Die Ansicht des Klägervertreters, dass die Genehmigungsbehörde das von der Gemeinde erteilte Einvernehmen zu berücksichtigen habe und sich nicht über diese Entscheidung hinwegsetzen könne, verkennt, dass es Aufgabe der Baugenehmigungsbehörde ist, die jeweiligen rechtlichen Voraussetzungen zu prüfen. Insbesondere hindert das gemeindliche Einvernehmen die Genehmigungsbehörde nicht. Zwar kann ohne das erforderliche Einvernehmen der Gemeinde die Baugenehmigung nicht erteilt werden, § 36 Abs. 1 BauGB. Andererseits bedeutet die Erteilung des gemeindlichen Einvernehmens nicht, dass die Bauaufsichtsbehörde eine beantragte Genehmigung zwangsläufig erteilen muss. Sie muss vielmehr auch selbständig prüfen, ob die Genehmigungsvoraussetzungen erfüllt sind („2-Schlüssel-Prinzip“) (Reidt in Battis/Krautzberger/Löhr, Baugesetzbuch, 14. Auflage 2019, § 36 Rn. 6; BVerwG, B.v. 16.12.1969 – IV B 121/69). Ausdruck der gem. Art. 28 Abs. 2 GG verfassungsrechtlich garantierten Planungshoheit der Gemeinde ist der allgemeingültige Bebauungsplan in seiner jeweiligen Fassung und nicht die lediglich einzelfallbezogene Erteilung des Einvernehmens. Für eine solche unabhängige Beurteilung durch die Genehmigungsbehörde spricht schließlich auch die Möglichkeit der Ersetzung des gemeindlichen Einvernehmens nach Art. 67 BayBO. Der Möglichkeit der Ersetzung bedürfte es nicht, wenn die Baugenehmigungsbehörde an die Entscheidung der Gemeinde gebunden wäre.
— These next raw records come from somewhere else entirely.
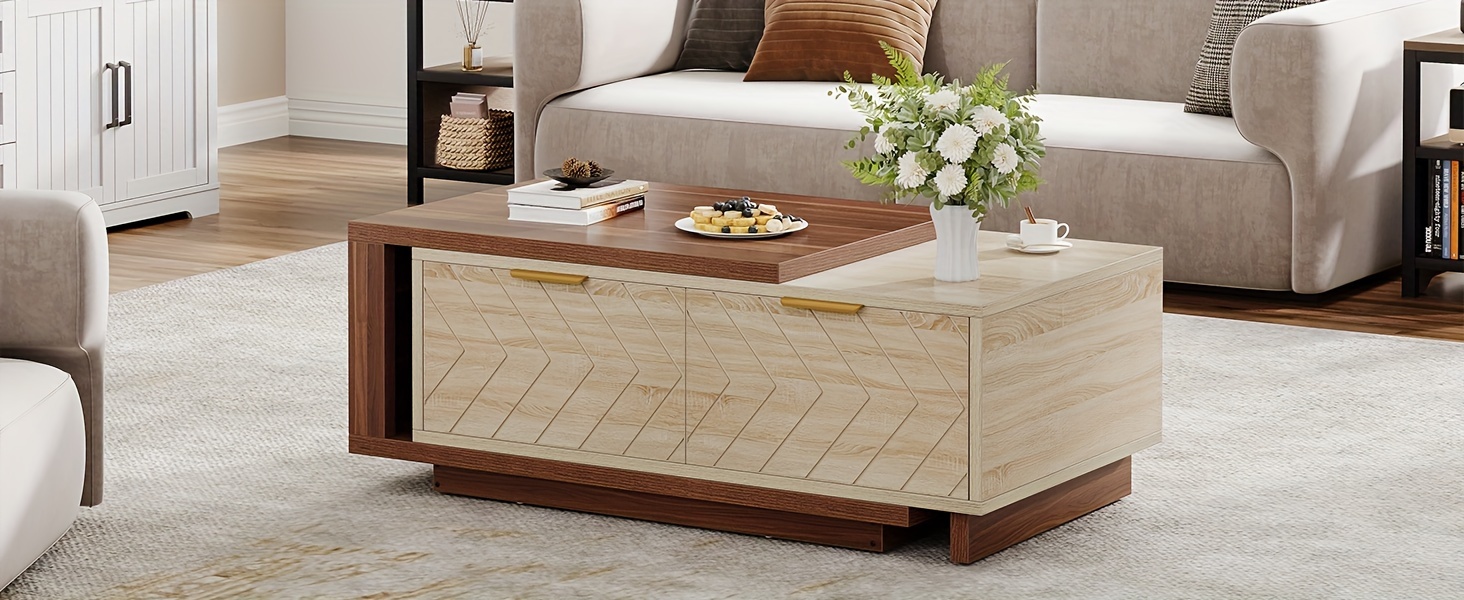 【Spacious Dual Drawers】 Equipped With Two Large Drawers, This Coffee Table Offers Ample Storage For Your Living Room Essentials, Helping Maintain A Clutter-free, Organized Aesthetic.
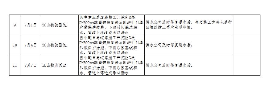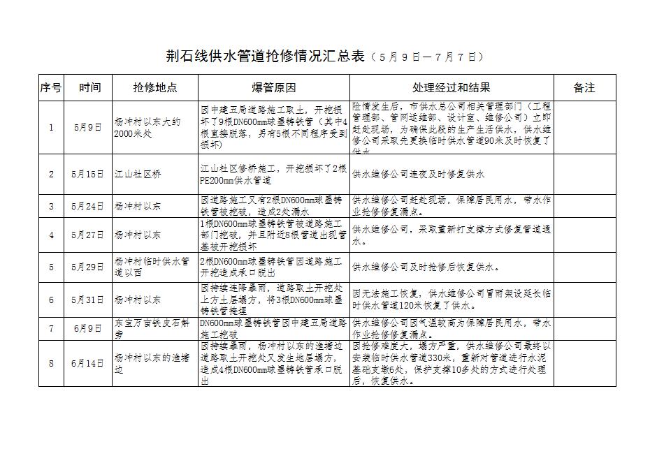 附:1、《荊石線供水管道搶修情況匯總表(5月9日-7月7日)》
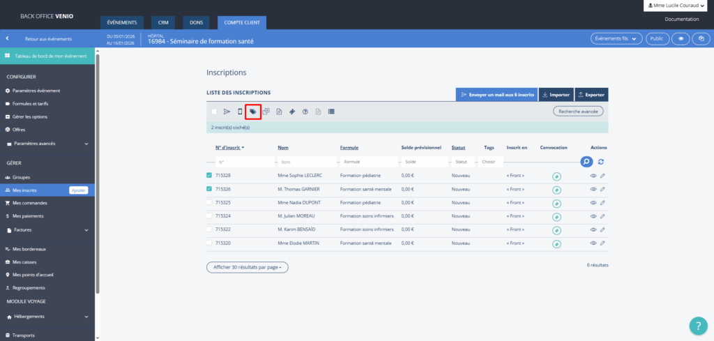 Dans le menu à gauche, cliquez sur Mes inscrits. Sélectionnez les participants auxquels vous souhaitez attribuer un tag en cochant la case à gauche des numéros d’inscrits.
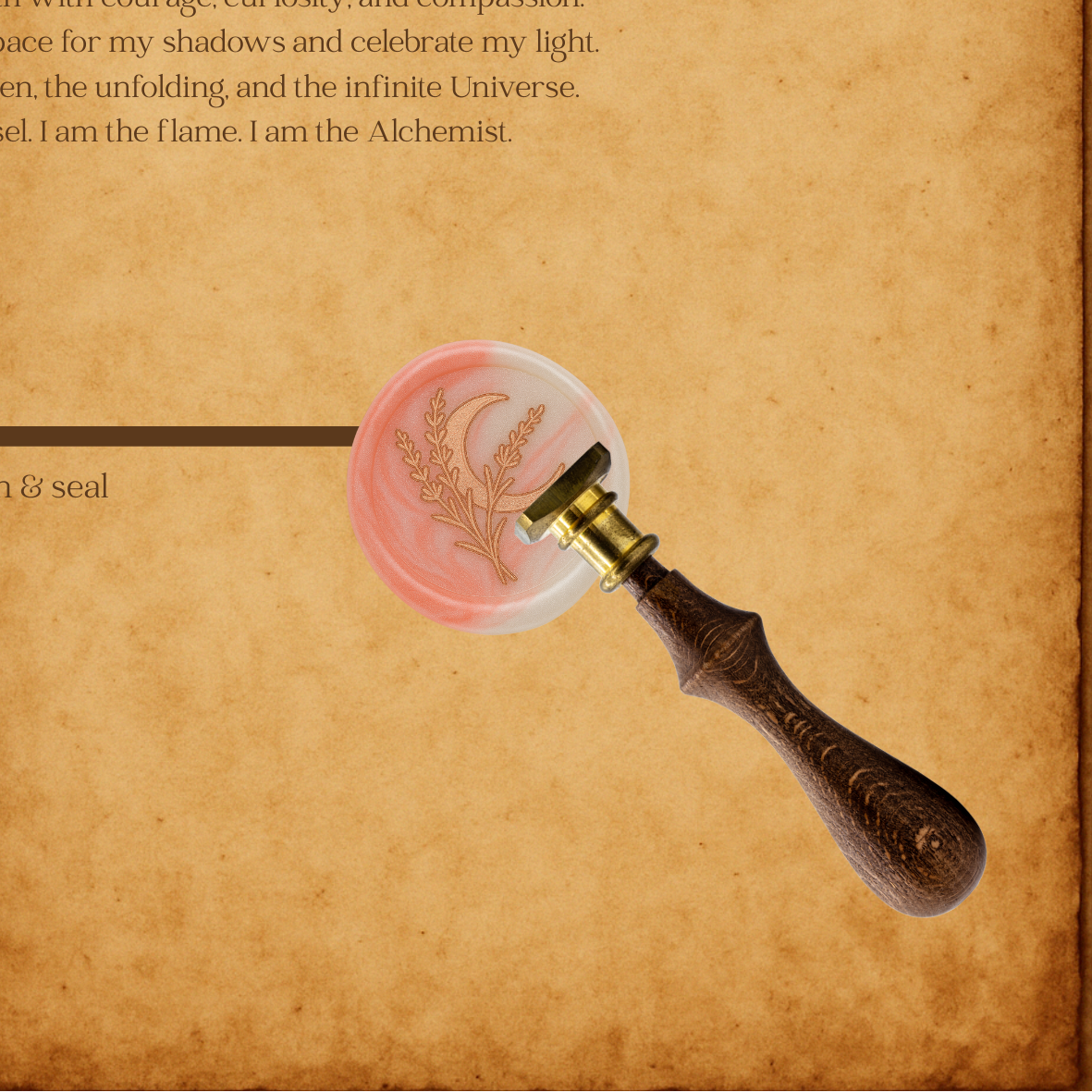 The Divine Feminine Wax Seal Collection invites you to celebrate feminine power and beauty through elegant wax seals. Made from marbled blush pink and iridescent pearl wax with rose gold metallic designs, each seal embodies symbols of intuition, transformation, and grace. Perfect for letters, journals, or rituals, this collection adds a sacred, radiant touch to your creative and spiritual practices.
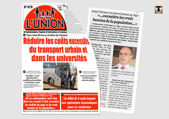 L’ambassadeur d’Allemagne au Togo vient d’effectuer une tournée dans le pays. Il en explique les raisons vendredi dans les colonnes de L’Union. Et le diplomate a le mérite de la franchise.
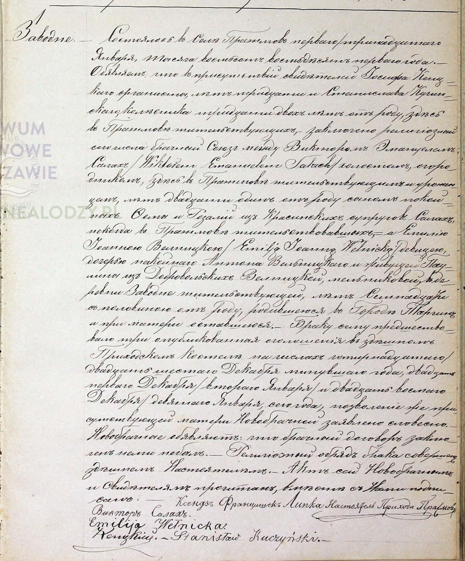 | sw.1317473 | sw.1359220 | sw.462979 (sw.462979) | sw.462980 (sw.462980) | Akt małżeństwa: Prażmów (obecn. woj. mazow.), 1/1881 [indeks na http://geneteka.genealodzy.pl/] http://metryki.genealodzy.pl/metryki.php?op=kt&ar=2&zs=1350d&sy=1881&kt=2 [podgląd] |
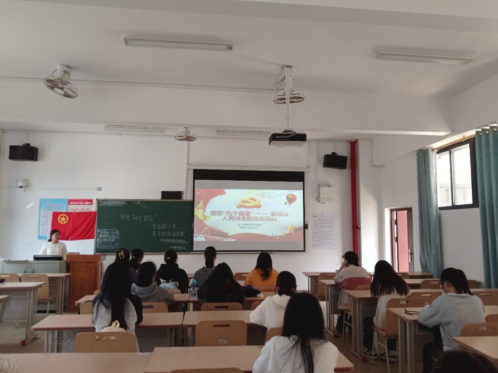 本站讯 为引导学生坚定不移坚持“四个自信”,树立青年自信,自觉担起民族复兴伟大重任,3月12日,语文教师教学技能社在BWIN必赢东校区至善楼402教室开展“坚持‘四个自信’——全过程人民民主的生动实践”主题团日活动。本次团日活动由团支书蓝晶晶主持,部分社员参加。
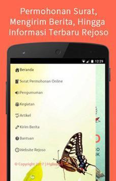 - Surat Permohonan Online, Sekarang masyarakat desa Rejoso bisa mengajukan surat permohonan secara online. Silahkan mengisi form surat yang dibutuhkan. Jika surat telah selesai dibuat, Kami akan menginformasikan ke email / SMS selanjutnya bisa di ambil di Kantor Kepala Desa Rejoso.
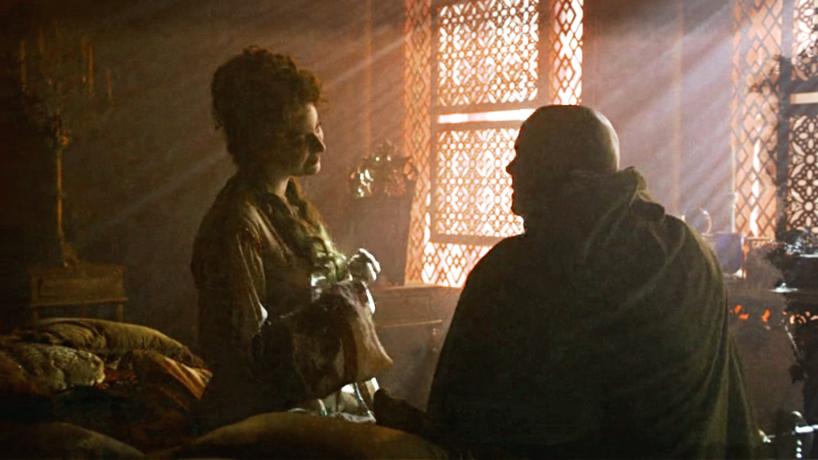 Varys gives Shae a bribe of diamonds to leave.
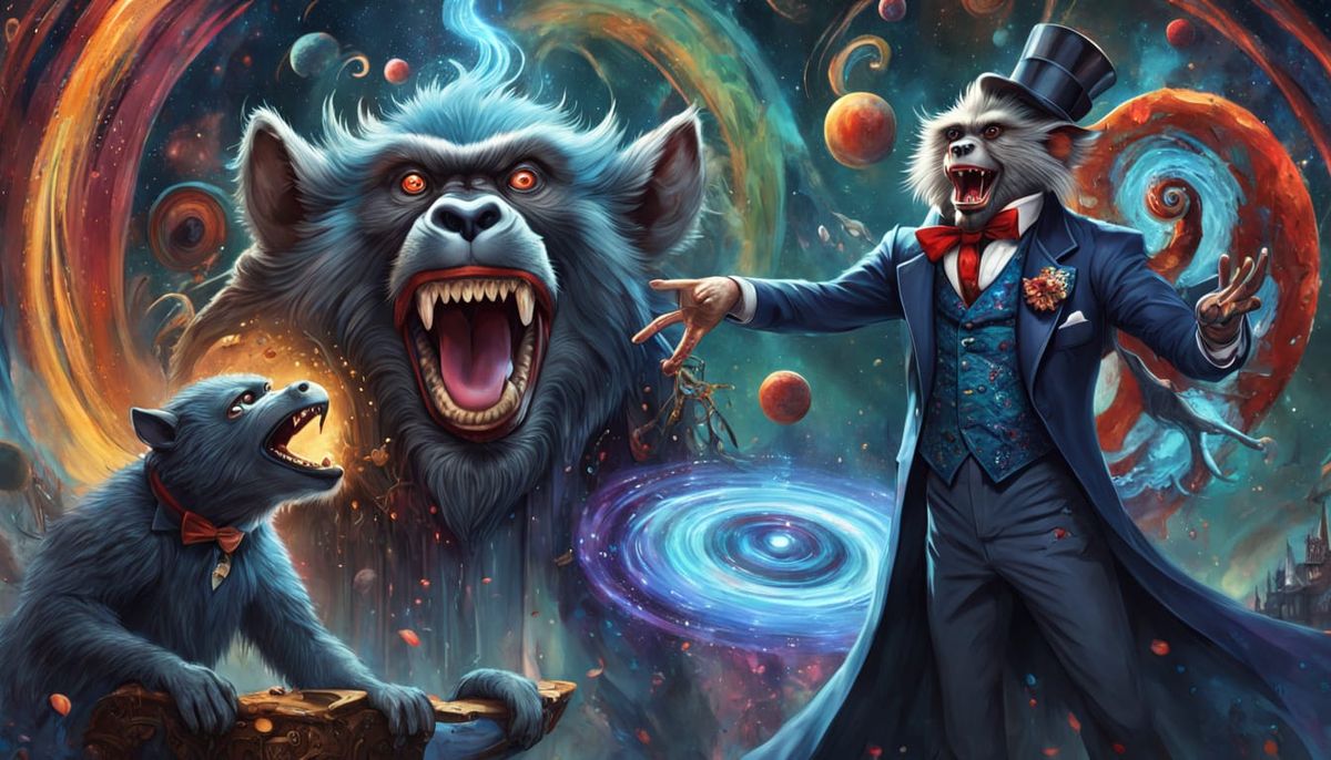 A striking picture of a baboon-headed ringmaster gesturing to a vortex of cosmic goo. The image features intricate details, vibrant colors, and a psychedelic, chaotic aesthetic inspired by Hieronymus Bosch.
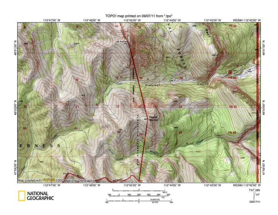 - Figure 8 is a detailed topographic map of the Blacktail Creek-Muddy Creek drainage divide area seen in less detail in figure 7 above. Blacktail Creek originates in the section 22 northwest quadrant and flows in a north-northwest direction into section 15 where it turns to flow in an east direction through Blackleaf Canyon and then to the figure 8 east edge (north half). Muddy Creek originates as a north-northwest oriented stream in the northeast corner of section 28 and then turns to flow in more of an east direction to the figure 8 east edge (south half). The East Fork Teton River flows in a south direction into section 21 and then in a southwest and south-southwest direction to the figure 8 southwest corner. A south-oriented East Fork tributary flows from section 17 to join the East Fork in the section 20 southeast quadrant. The north-oriented stream flowing in the west half of section 9 (figure 8 northwest quadrant) is Rival Creek, which flows to the South Fork Dupuyer Creek. Note how the various present day drainage routes are linked by through valleys crossing all of the drainage divides. Some of the through valleys are deep such as the through valley linking the Blacktail Creek valley with the Muddy Creek valley found in the southwest corner of the region labeled PB 45. The contour interval in the figure 8 northeast quadrant is 20 feet while it is 40 feet elsewhere on the map. The through valley floor elevation at the drainage divide is between 6100 and 6120 feet. The ridge to the east rises to 6753 feet while Mount Werner to the west rises to 8090 feet, which means the through valley is at least 630 feet deep and probably was deeper when eroded. The through valley was eroded by south-oriented flood flow to what was then the actively eroding Muddy Creek valley prior to headward erosion of the deep east-oriented Blacktail Creek valley. Another interesting deep through valley is found in the northeast corner of section 21 and links the north-oriented Blacktail Creek headwaters valley with the southwest-oriented East Fork Teton River valley and the north-oriented East Fork headwaters valley (which is linked by a through valley with the Muddy Creek headwaters valley). This section 21 through valley has a floor elevation at the drainage divide of between 6960 and 7000 feet and Mount Werner to the east rises to 8090 feet while the spot elevation in the section 15 south center region reads 7873 feet. In other words this through valley linking the Blacktail Creek headwaters with the East Fork Teton River headwaters is more than 870 feet deep. These through valleys are just a few examples of through valleys seen on figure 8. Much shallower through valleys appear as saddles between mountain peaks such as the saddles in section 22 along the ridge extending west from Mount Werner. These saddles like the deeper through valleys are water eroded features and are evidence of former south-oriented flood flow routes, which were beheaded by headward erosion of the deeper valleys. The through valleys provide evidence of flood flow channels across this mountainous region which initially flowed on a surface at least as high as the present day mountain tops. Probably the mountains were being uplifted as flood waters flowed across them and eroded the deep valleys seen today.

e) Diese planerischen Grundzüge würden durch die Erteilung der Baugenehmigung unter Befreiung von der Festsetzung berührt. Die Befreiung würde einen Bezugsfall schaffen und bodenrechtliche Spannungen auslösen, da weiteren Grundstückseigentümern eine Befreiung nicht mehr ohne weiteres verwehrt werden könnte (vgl. VG München, U. v. 6. April 2017 – M 11 K 16.1253 – juris Rn. 28). Im Ergebnis handelt es sich daher um eine erhebliche Abweichung von der planerischen Grundkonzeption des Bebauungsplans, die nicht über eine Befreiung, sondern nur im Wege einer Planänderung verwirklicht werden kann.
Auf die weiteren Voraussetzungen des § 31 Abs. 2 BauGB kam es danach nicht an.
2. Die Kostenentscheidung folgt aus § 154 Abs. 1 VwGO.
3. Die Entscheidung über die vorläufige Vollstreckbarkeit folgt aus § 167 VwGO i.V.m. §§ 708 Nr. 11, 711 ZPO.